The share of business tourism in French hotels fell by 15.4 points between 2019 and 2024, reflecting a lasting upheaval in practices, while flexibility and personalisation are progressing with accommodation increasingly adapted to long stays and teleworking.
TMCS IN FOCUS
Looking at TMCs in particular, the merger of Amex GBT and CWT has caused major ripples in France. Amex GBT now combines the activity of Egencia (acquired in 2021) and CWT's historical network, creating a "major imbalance" compared to local TMCs according to the trade press.
The merger means fewer options for multinational corporations and gives the merged TMC enormous buying power with suppliers in the market.
Players such as BCD Travel, FCM and Perk are clearly targeting dissatisfied CWT customers.
In summary, a number of key factors stand out in the France business travel sector.
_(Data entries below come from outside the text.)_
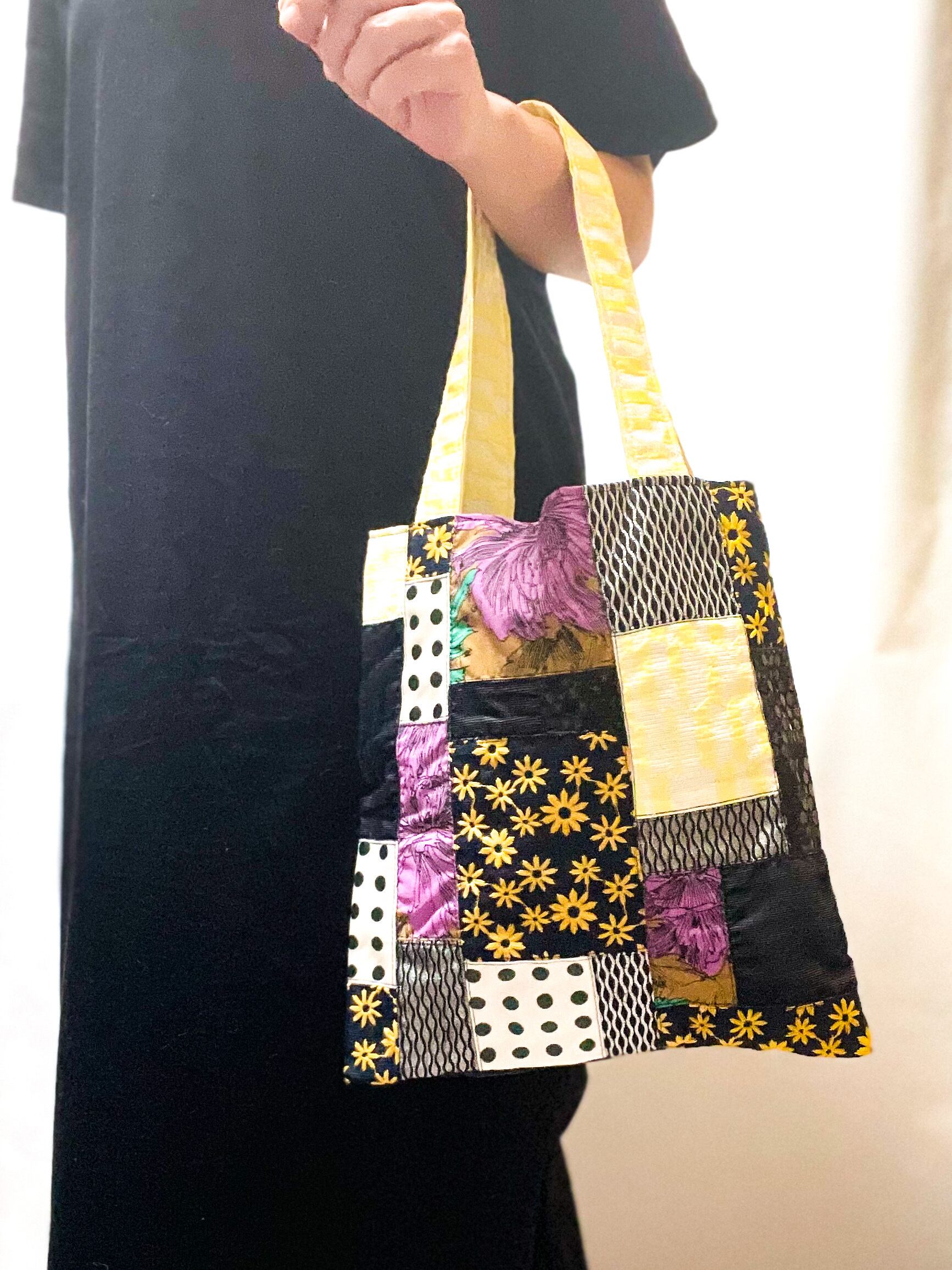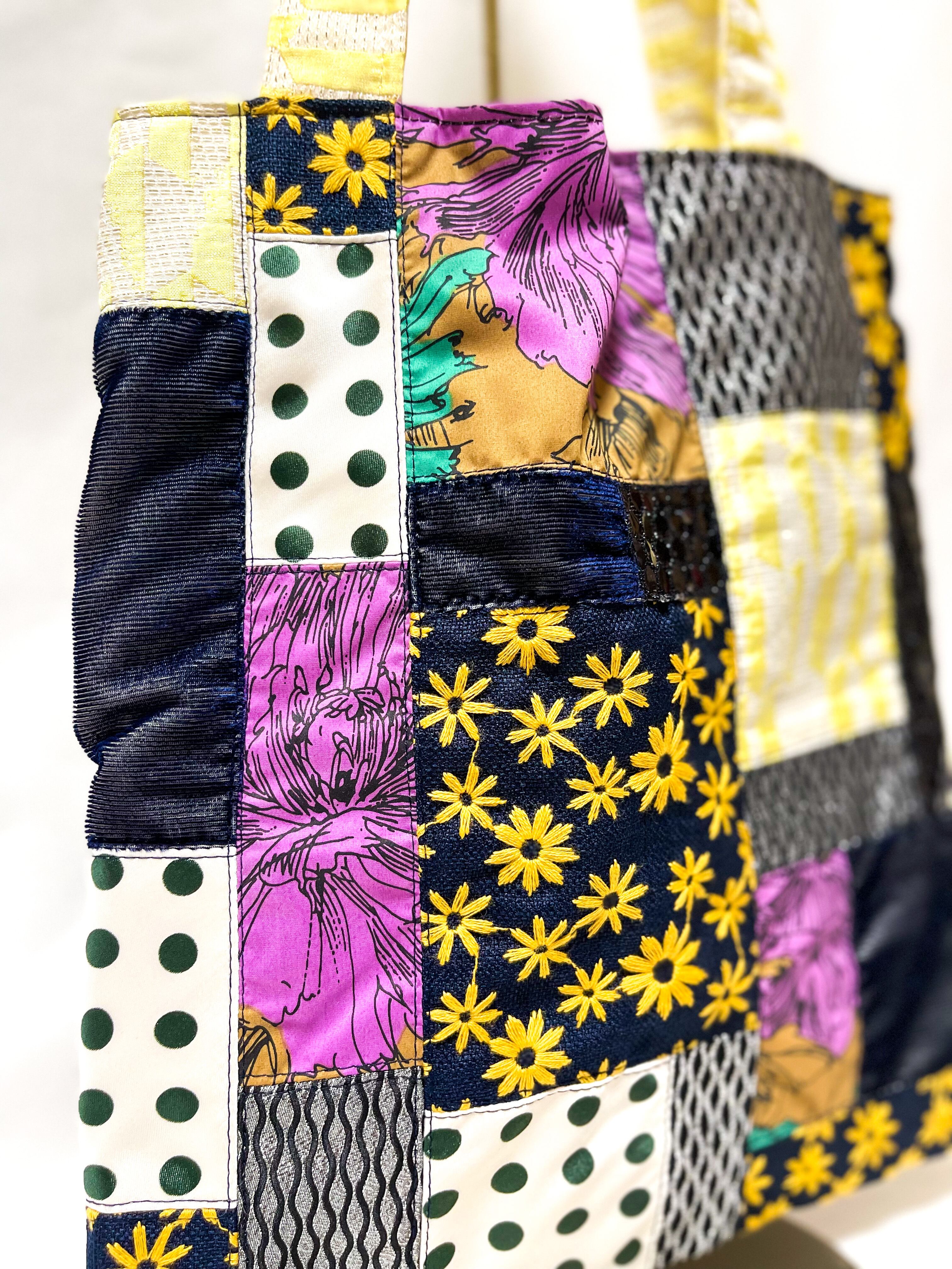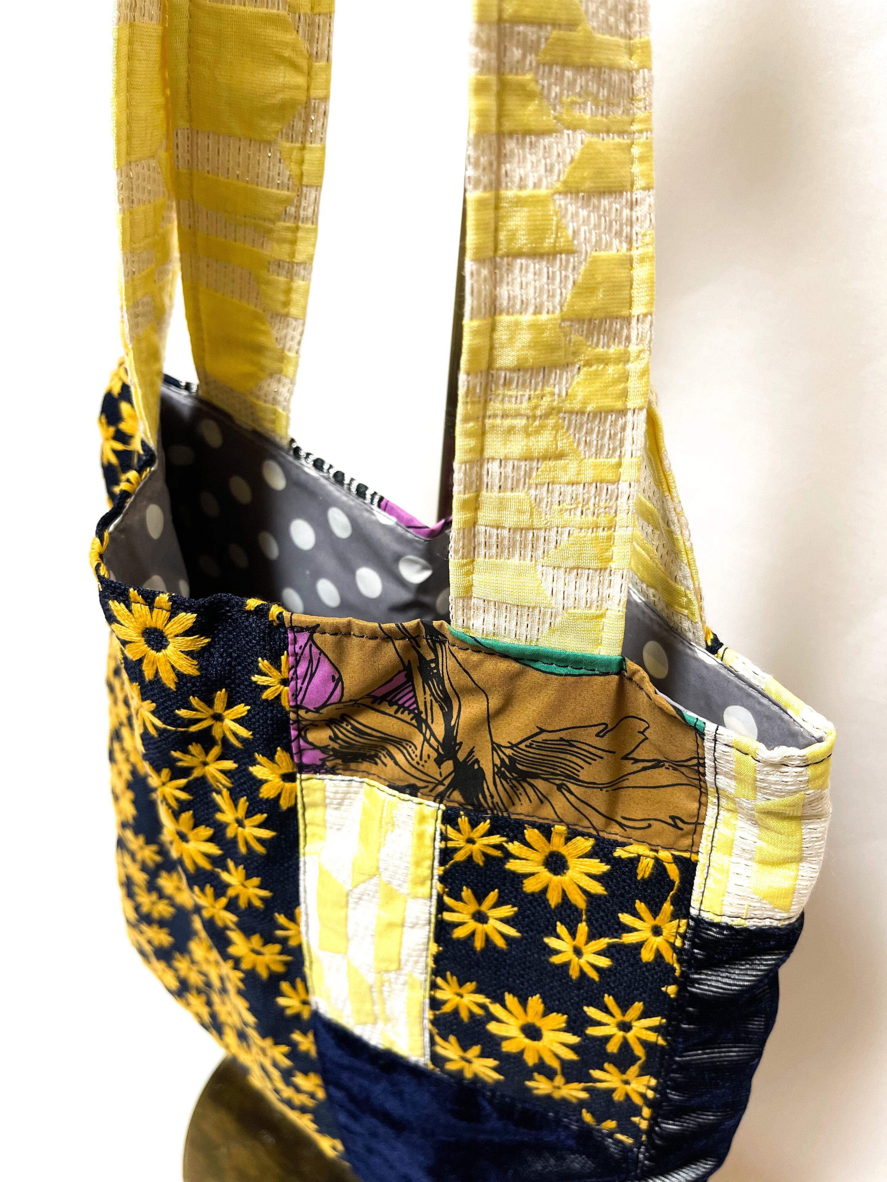 エコバッグSサイズ・ サスティナブルパッチワーク#キイロ*ネイビーver ④
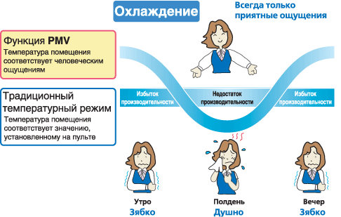Во-вторых, функция PMV корректирует микроклимат в помещении в соответствии с изменением температуры на улице, что приносит до 20 % экономии: кондиционер работает плавно, без перегрузок.
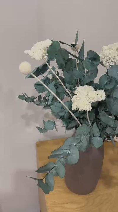 Bringen Sie frischen Wind in Ihr Zuhause mit unserem bezaubernden Trockenblumenstrauß „Pop of Colour“. Dieser einzigartige Strauß kombiniert die sanften, eleganten Töne von Eukalyptus mit den cleanen, weißen Craspedia und der zarten Schafgarbe.

- Companies are traveling again, but more selectively
- The negotiating power of corporate buyers remains under pressure, with Air France prioritising yield, NDC distribution and upgrading their product
- Corporate travel budgets have been maintained or even increased, particularly on long-haul and premium segments, despite inflation and geopolitical tensions
Looking ahead, the French business travel market is expected to reach €31.6 billion in 2026 (+2.2 per cent), according to EPSA, with 45 per cent of companies planning to increase their travel budgets despite inflation and international tensions.